Posted: 24.04.2024 15:37:00

Lukashenko: nations’ strength is based on true values, aspiration for justice and self-belief

This year marks the 80th anniversary of Belarus’ liberation from Nazi invaders, and the generation of winners has shown that the strength of nations is rooted not in money, military power or ambition: it relies on true values, the aspiration for justice and self-belief – as stated by the President of Belarus, Aleksandr Lukashenko, at the 7th Belarusian People's Congress

Photo: www.president.gov.by

"When the enemy set foot on our territory, the Soviet country had not yet recovered from the devastation of the civil war," the President said. “People did not live in luxury, but they won – defeating the whole of Europe, which was rich but which had fallen under the banner of Nazism! They cleared their country of fascists. We also contributed to the recovery of those who had been looking on the Soviet people from above. We won then, because we fought for our native land, and that was giving strength to us. Our land gave us strength on the battlefield, helped survive grief, revamp what had been destroyed and not to take revenge.”

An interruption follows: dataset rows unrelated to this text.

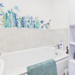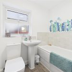 With UPVC double-glazed frosted window to the side with built-in blinds. Comprising a three-piece suite including low-level WC with continental flush, pedestal wash hand basin with mixer tap and tiled splashback, and a bath with mixer tap and complementary tiling. Additional features include a heated towel radiator and extractor fan.
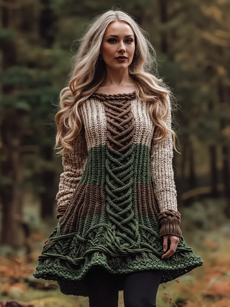 Women's Irish Celtic Knot Gradient Knit Sweater Dress
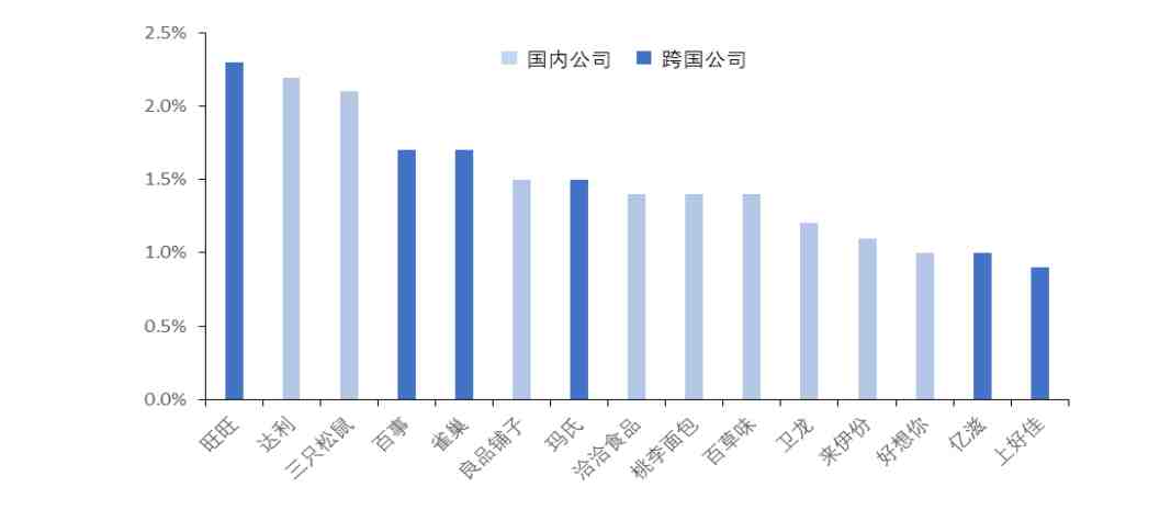 戚闲食品公K * j X 2 % 8 g司国际营支范围B H l { 1 / & c a前15名 数据前导收端:西南证券
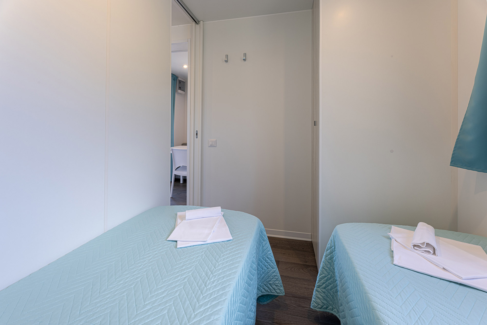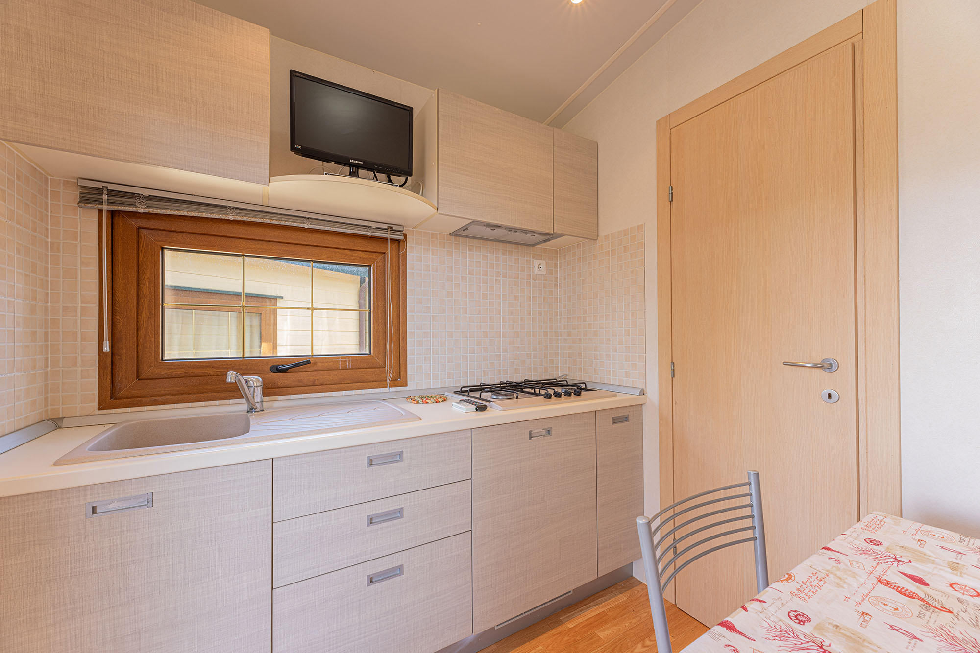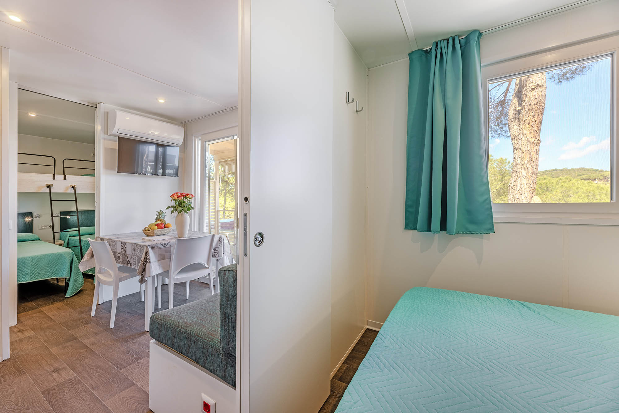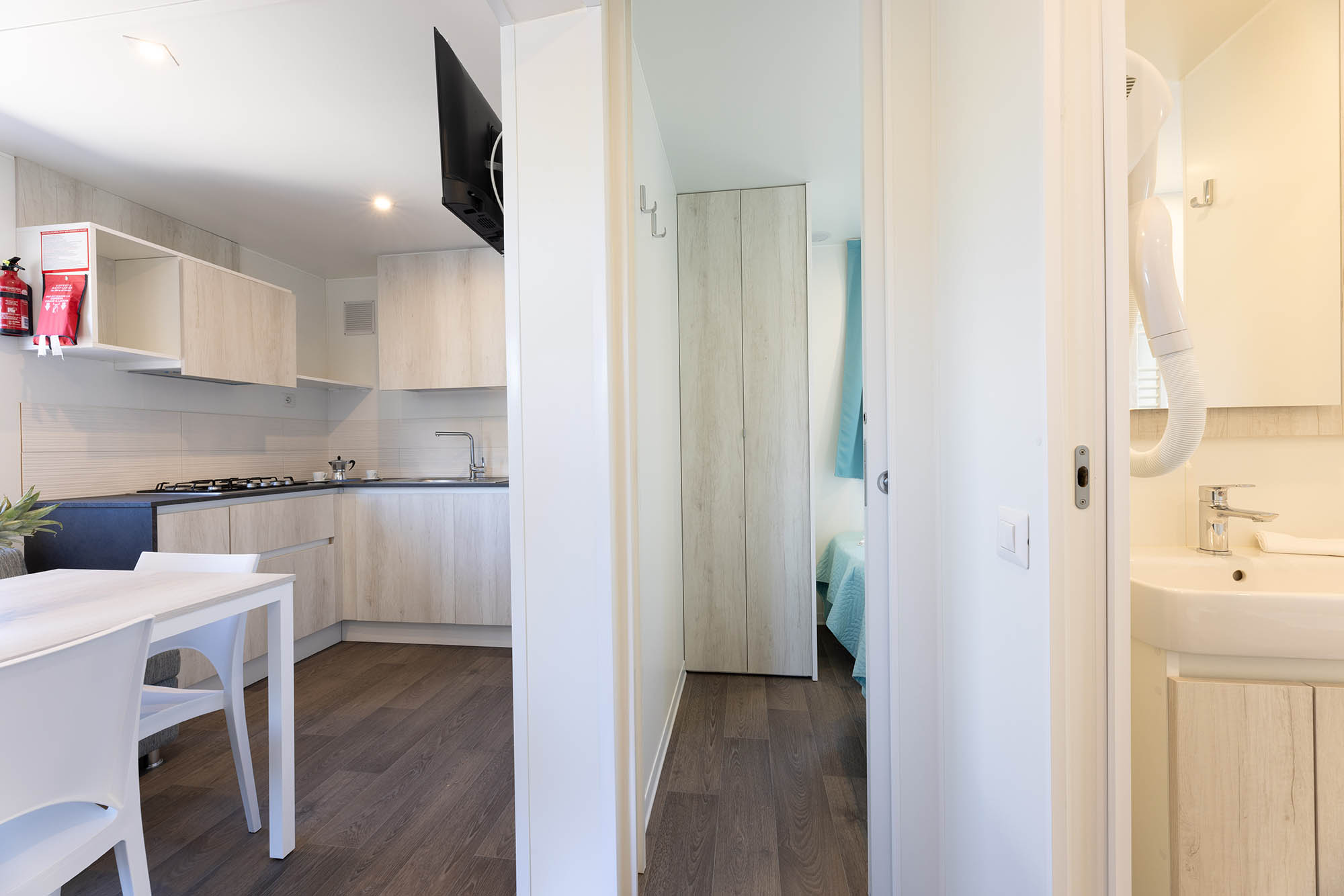 Bungalow trilocale composto da un soggiorno con angolo cottura, una camera matrimoniale e una camera con due letti singoli, bagno con doccia, aria condizionata, TV-sat e una veranda attrezzata dove potete trascorrere le vostre serate in tranquillità.
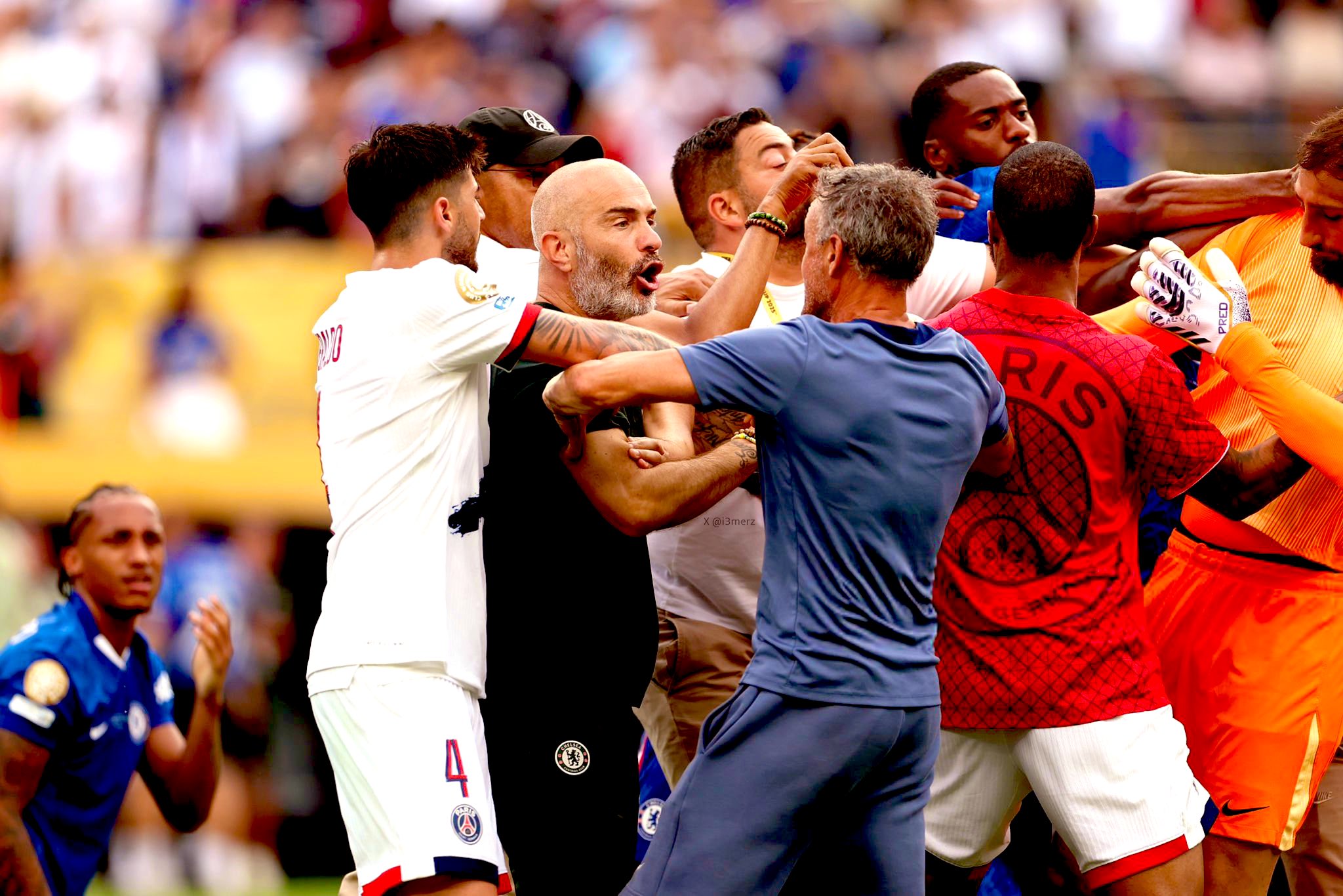 وتورط إنريكي في مشادة كلامية مع جواو بيدرو مهاجم تشيلسي، انتهت بدفعة من المدرب الإسباني في رقبة اللاعب البرازيلي الذي سقط أرضا، وسط المناوشات التي تزامنت مع نهاية المباراة.
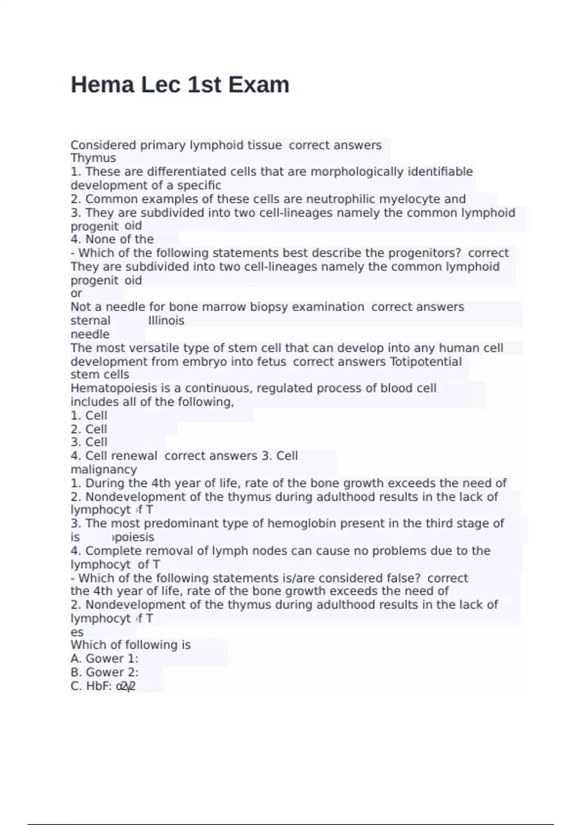 The normal sequence of blood cell development correct answers Yolk sac
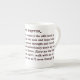 This mug is imprinted with a Bach Solos Suite for Cello. It was purchased as a thank you gift for a professional cellist friend who often performs this work. The cup is made of a high-grade ceramic and is fairly light. The walls are not too thick and it is a small to medium size. It's well finished, has a high-gloss glaze, and looks very elegant. The Bach Solo Suite score on the example I received was clear and had high contrast. Even though the staffs were small, the music was easy to read. The cellist who received this cup immediately knew what the music was as soon as she set eyes on it.
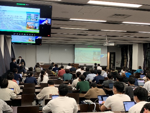 最後に、パネルディスカッションにも参加された所先生より閉会のあいさつがあり、シンポジウムは盛況に終わりました。雨天であったにもかかわらず、多くの学生・教職員が参加してくださいました。また、オンラインでも127名の参加があり、カーボンニュートラルに対する注目の高さがうかがえました。
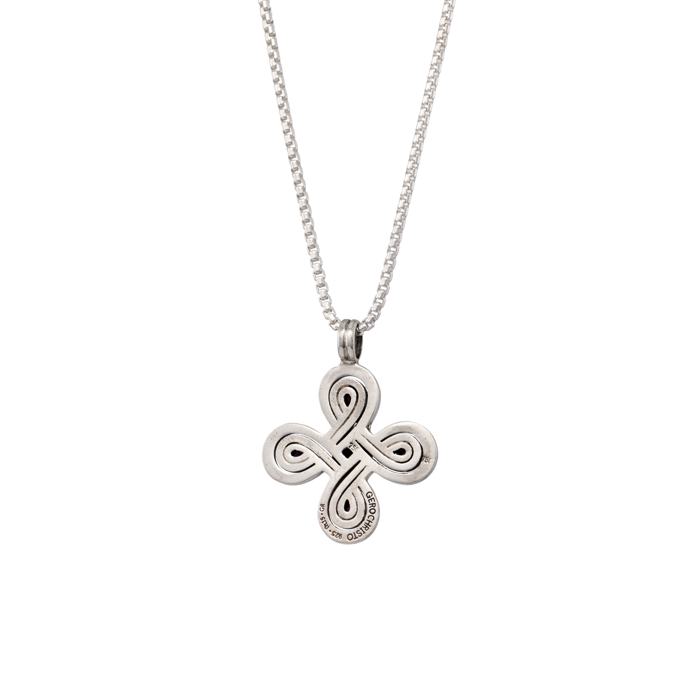 Home / Shop / Women's / Infinity cross in 18K Gold, sterling silver, rubies and aquamarine
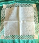 Embroidered Linen Handkerchief Off-white Ivory Lace Trim Bridal 11.5in Square
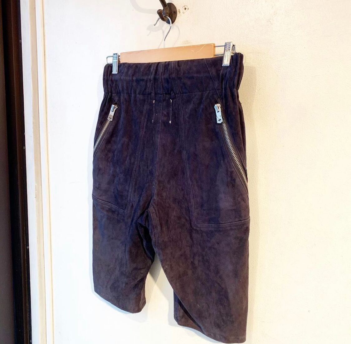 "The Soloist" navy nuback leather zip pocket easy shorts
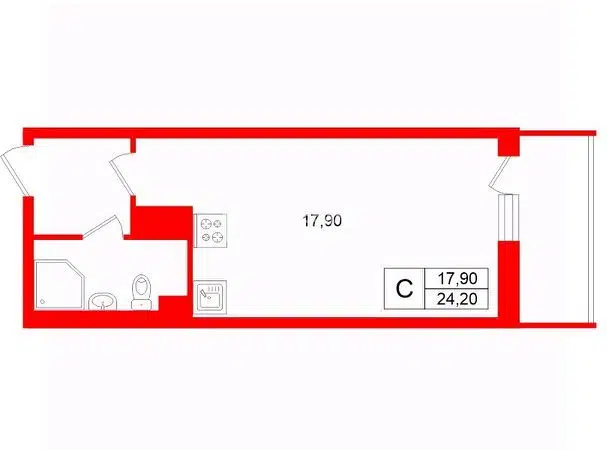 Студия, 25.9 м², 4/20 этаж
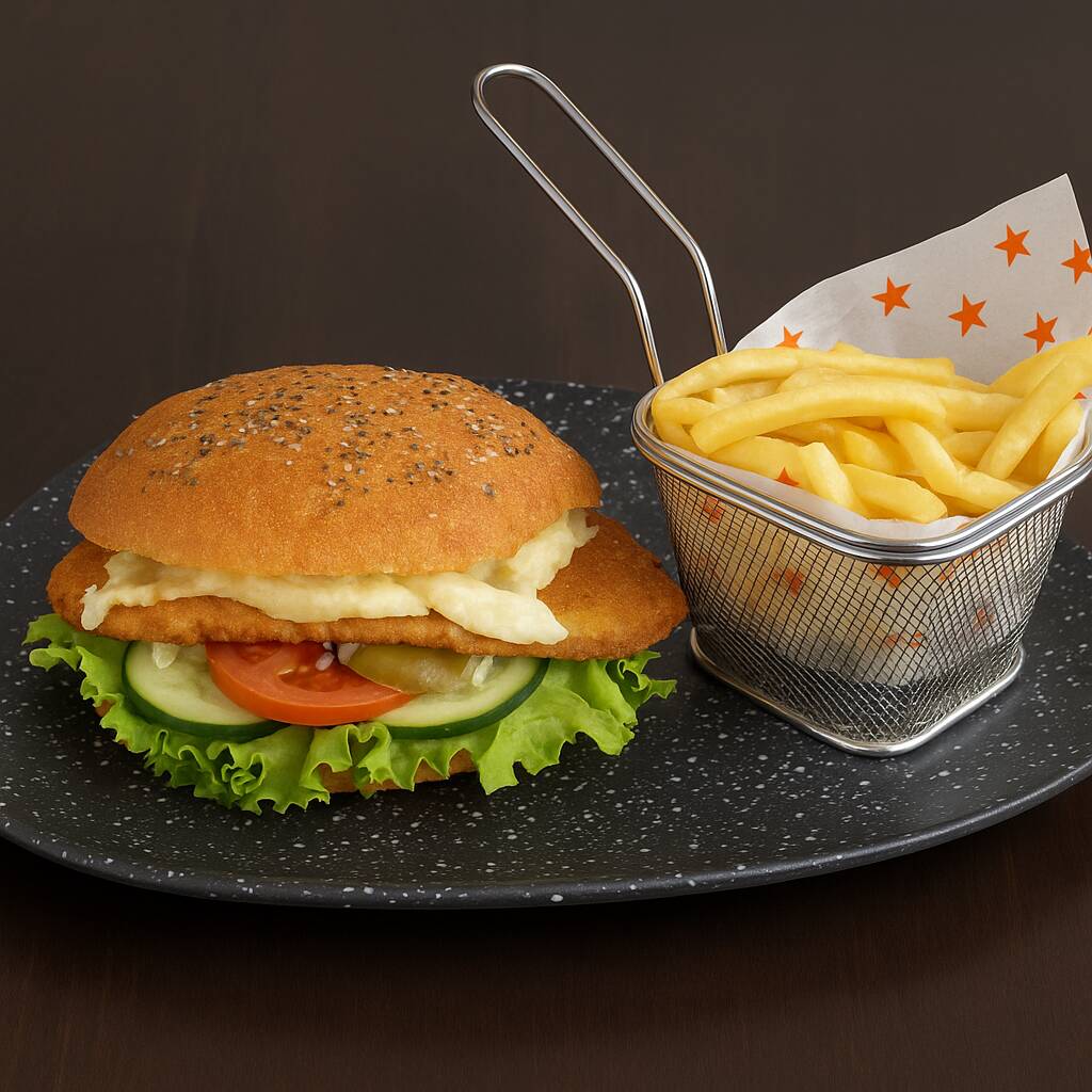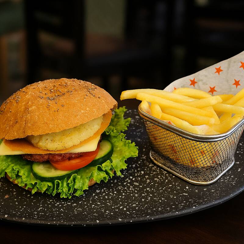 Delciosa hamburguesa de lenteja acompañada de germinado de alfalfa, jitomate, pepino, chiles en vinagre y queso vegano. Acompañada de papas.
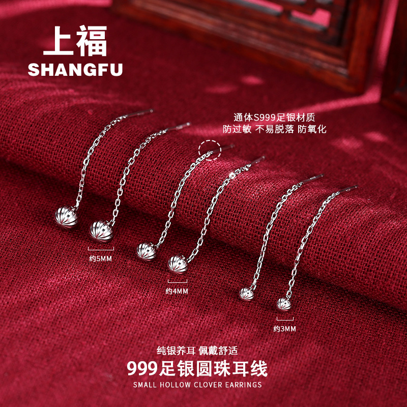 S999 pure silver 5mm white zircons bracelet pair S999 pure silver square wire ear necklace pair S999 pure silver leaf ear necklace pair S999 pure silver T word ear chain pair S999 pure

The President wondered who was made stronger by acts of intimidation, such as the bombing of Dresden, the atomic bombs dropped on Hiroshima and Nagasaki. “[Those acts] were absolutely senseless and cruel,” he continued. “There is a shameful page in history: hundreds of thousands of civilians were killed at the end of the war, when everything had been actually already decided. What was the sense for that? Those actions meant to declare their dominance to the whole world and keep the planet at bay.”